_WHAT IS REQUIRED_
Within the entries below, find the portion that opens with the line containing "Sultan II Abdülhamit" and closes with the line containing "1875-1878 yıllarında Şark". Retype that portion exactly and only.

_EXERCISE DATA_
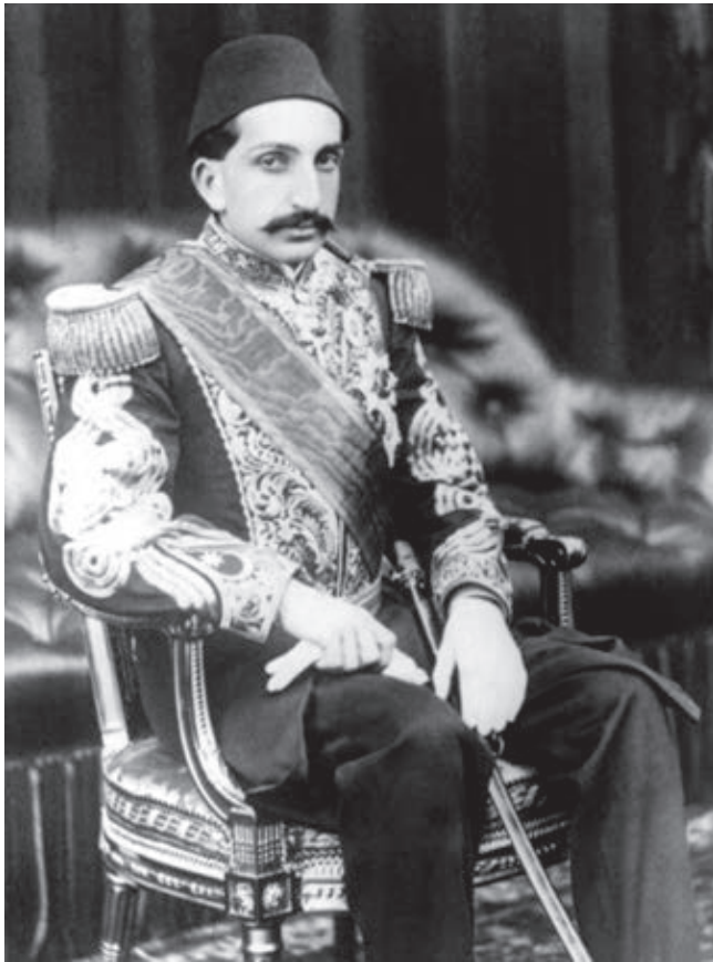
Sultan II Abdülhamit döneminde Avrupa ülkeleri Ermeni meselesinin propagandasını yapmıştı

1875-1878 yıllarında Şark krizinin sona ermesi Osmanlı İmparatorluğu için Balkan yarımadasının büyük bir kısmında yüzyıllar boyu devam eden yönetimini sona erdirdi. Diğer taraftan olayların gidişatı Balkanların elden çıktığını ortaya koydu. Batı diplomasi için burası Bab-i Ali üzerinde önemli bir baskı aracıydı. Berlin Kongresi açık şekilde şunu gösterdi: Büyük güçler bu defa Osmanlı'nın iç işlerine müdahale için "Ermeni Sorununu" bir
...
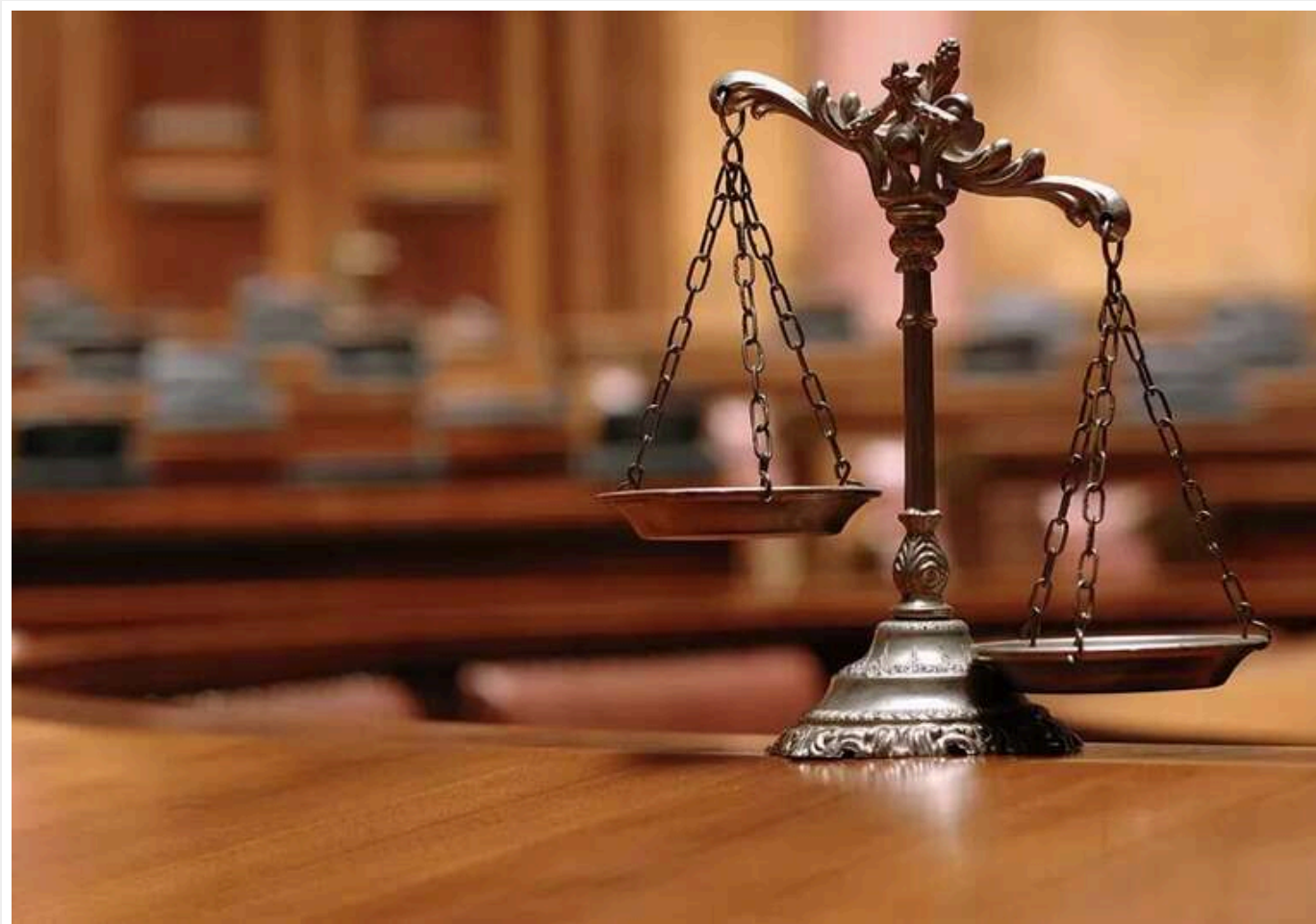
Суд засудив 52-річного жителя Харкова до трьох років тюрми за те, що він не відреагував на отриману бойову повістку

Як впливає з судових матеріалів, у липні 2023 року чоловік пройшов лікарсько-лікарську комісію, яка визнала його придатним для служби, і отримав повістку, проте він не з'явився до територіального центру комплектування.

_TASK OUTPUT_
Sultan II Abdülhamit döneminde Avrupa ülkeleri Ermeni meselesinin propagandasını yapmıştı

1875-1878 yıllarında Şark krizinin sona ermesi Osmanlı İmparatorluğu için Balkan yarımadasının büyük bir kısmında yüzyıllar boyu devam eden yönetimini sona erdirdi. Diğer taraftan olayların gidişatı Balkanların elden çıktığını ortaya koydu. Batı diplomasi için burası Bab-i Ali üzerinde önemli bir baskı aracıydı. Berlin Kongresi açık şekilde şunu gösterdi: Büyük güçler bu defa Osmanlı'nın iç işlerine müdahale için "Ermeni Sorununu" bir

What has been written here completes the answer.